# [Problem details]
Take the lines of the data below from the very first through the line containing "FOUNDATION APPLICATION FORM" and output them exactly, pictures excluded.

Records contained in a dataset
_ _ _ _

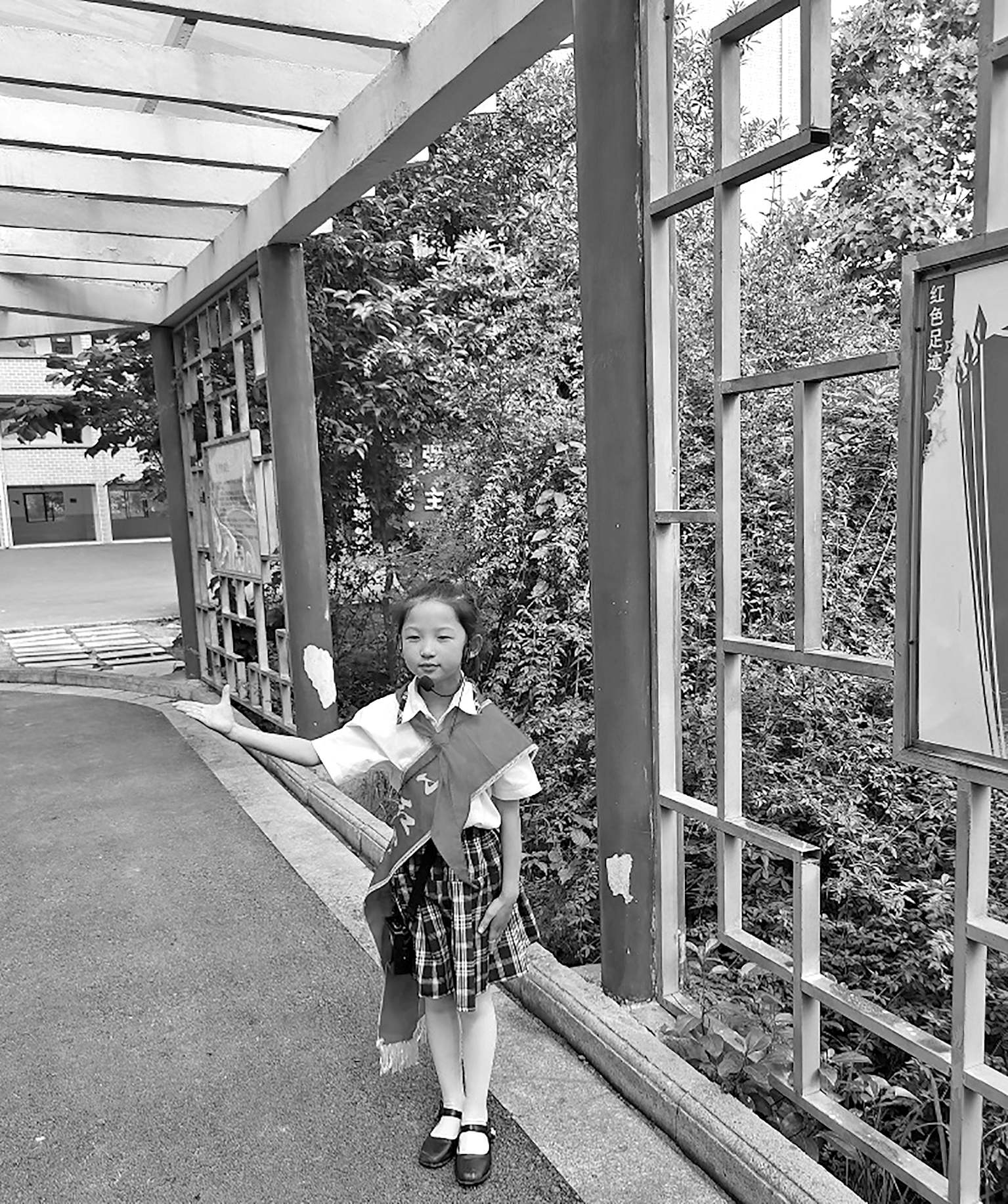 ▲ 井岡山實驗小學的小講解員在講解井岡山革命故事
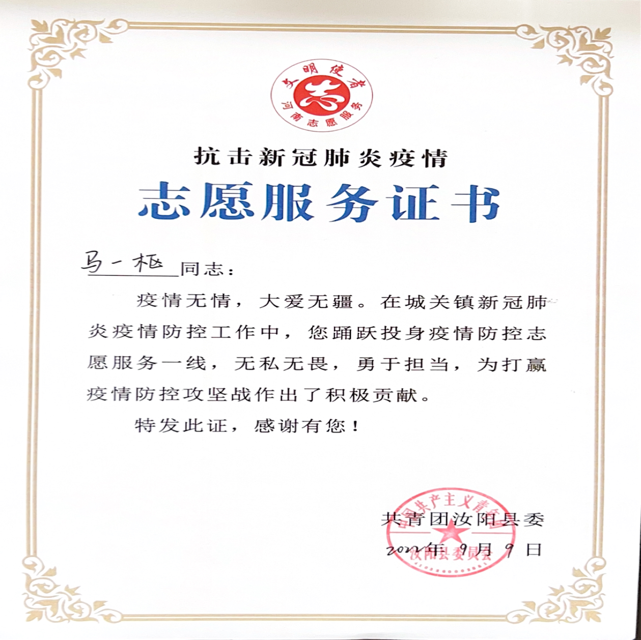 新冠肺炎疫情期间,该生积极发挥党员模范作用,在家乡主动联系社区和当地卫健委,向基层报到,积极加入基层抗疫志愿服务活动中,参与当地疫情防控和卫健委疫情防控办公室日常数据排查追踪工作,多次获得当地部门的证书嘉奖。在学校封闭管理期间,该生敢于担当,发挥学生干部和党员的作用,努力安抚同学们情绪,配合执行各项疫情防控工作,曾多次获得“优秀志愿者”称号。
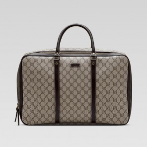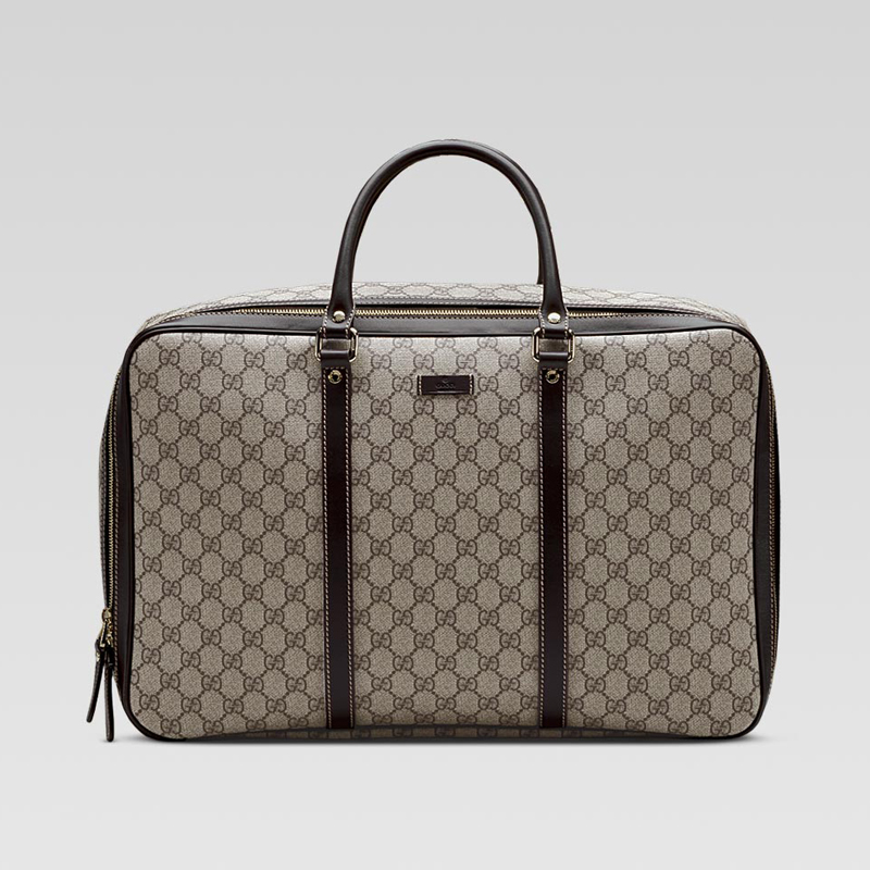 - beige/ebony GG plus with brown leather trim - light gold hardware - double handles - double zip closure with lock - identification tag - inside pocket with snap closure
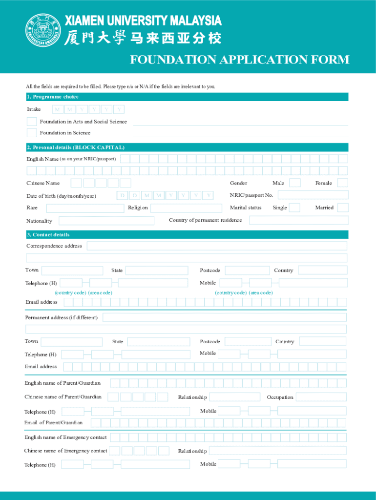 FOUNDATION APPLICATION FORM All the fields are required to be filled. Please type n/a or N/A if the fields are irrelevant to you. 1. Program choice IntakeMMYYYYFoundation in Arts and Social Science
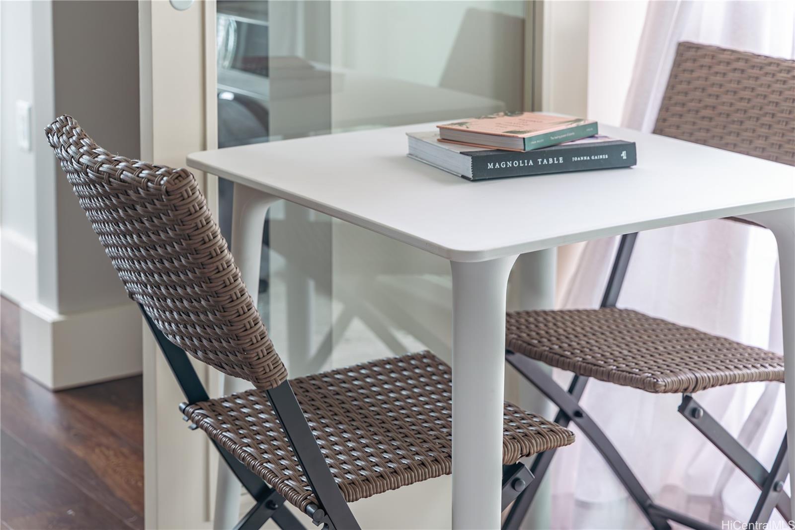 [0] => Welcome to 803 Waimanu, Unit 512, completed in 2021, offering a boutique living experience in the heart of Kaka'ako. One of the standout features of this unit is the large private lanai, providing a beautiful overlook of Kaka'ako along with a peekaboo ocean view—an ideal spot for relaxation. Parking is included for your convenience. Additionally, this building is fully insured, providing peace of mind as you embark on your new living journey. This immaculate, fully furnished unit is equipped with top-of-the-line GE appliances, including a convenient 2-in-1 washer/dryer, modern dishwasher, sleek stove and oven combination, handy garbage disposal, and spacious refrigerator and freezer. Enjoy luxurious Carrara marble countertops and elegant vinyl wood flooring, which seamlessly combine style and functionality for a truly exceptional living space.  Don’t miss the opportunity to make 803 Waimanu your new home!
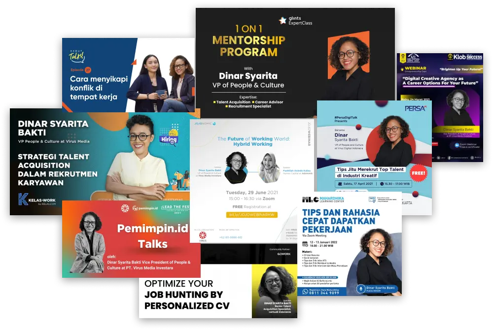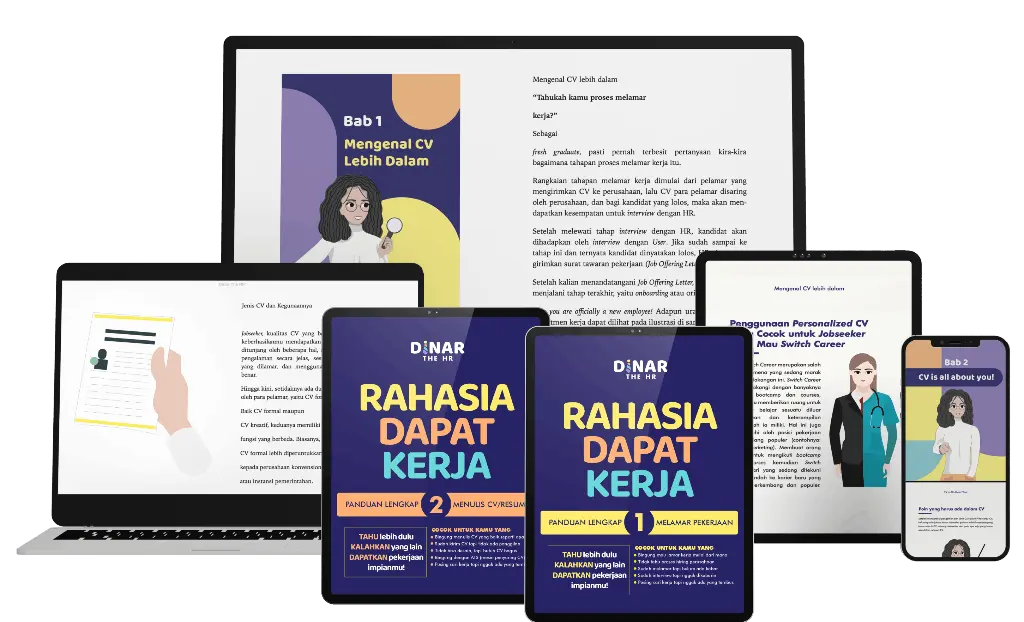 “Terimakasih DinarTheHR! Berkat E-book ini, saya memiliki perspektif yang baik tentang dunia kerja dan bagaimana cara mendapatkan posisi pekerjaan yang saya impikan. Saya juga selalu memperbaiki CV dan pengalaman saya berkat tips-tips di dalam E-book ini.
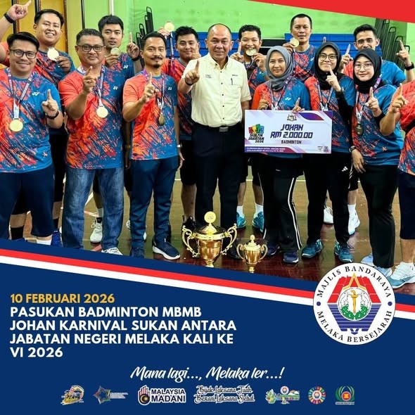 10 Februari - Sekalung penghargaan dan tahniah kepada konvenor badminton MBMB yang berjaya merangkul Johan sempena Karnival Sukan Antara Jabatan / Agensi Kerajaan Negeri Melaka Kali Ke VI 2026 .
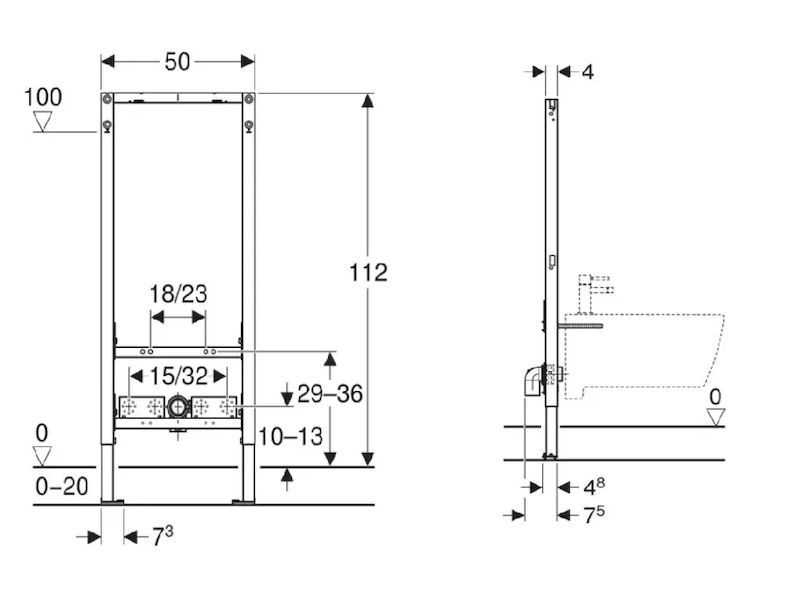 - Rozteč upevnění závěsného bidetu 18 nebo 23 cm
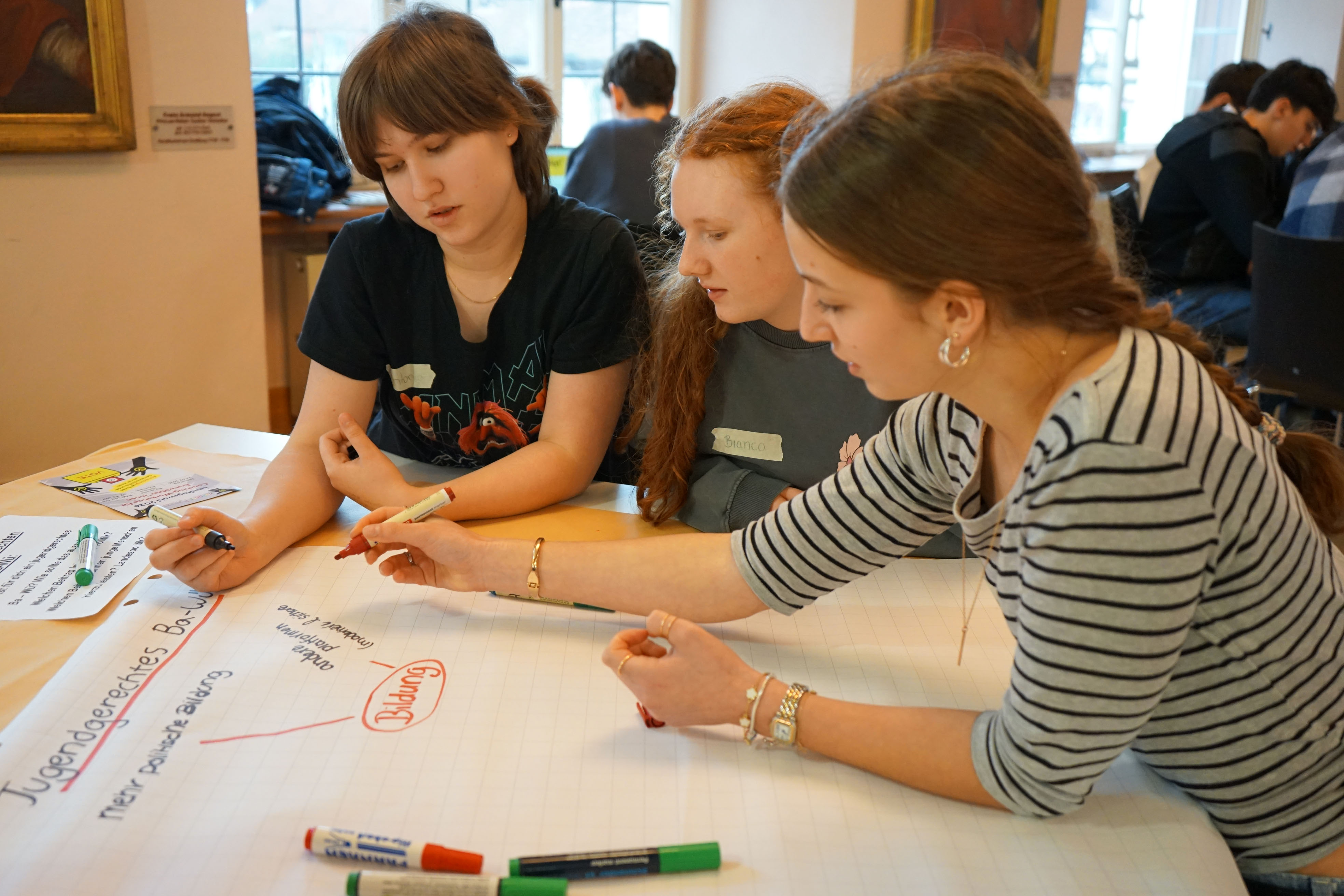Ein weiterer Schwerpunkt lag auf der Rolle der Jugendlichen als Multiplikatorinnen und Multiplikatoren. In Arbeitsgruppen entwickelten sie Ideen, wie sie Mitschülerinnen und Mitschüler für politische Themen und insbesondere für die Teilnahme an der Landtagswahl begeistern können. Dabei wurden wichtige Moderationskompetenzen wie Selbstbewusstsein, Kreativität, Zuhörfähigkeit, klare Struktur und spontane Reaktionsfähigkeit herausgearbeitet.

_ _ _ _

# [Task solution]
 ▲ 井岡山實驗小學的小講解員在講解井岡山革命故事
 新冠肺炎疫情期间,该生积极发挥党员模范作用,在家乡主动联系社区和当地卫健委,向基层报到,积极加入基层抗疫志愿服务活动中,参与当地疫情防控和卫健委疫情防控办公室日常数据排查追踪工作,多次获得当地部门的证书嘉奖。在学校封闭管理期间,该生敢于担当,发挥学生干部和党员的作用,努力安抚同学们情绪,配合执行各项疫情防控工作,曾多次获得“优秀志愿者”称号。
 - beige/ebony GG plus with brown leather trim - light gold hardware - double handles - double zip closure with lock - identification tag - inside pocket with snap closure
 FOUNDATION APPLICATION FORM All the fields are required to be filled. Please type n/a or N/A if the fields are irrelevant to you. 1. Program choice IntakeMMYYYYFoundation in Arts and Social Science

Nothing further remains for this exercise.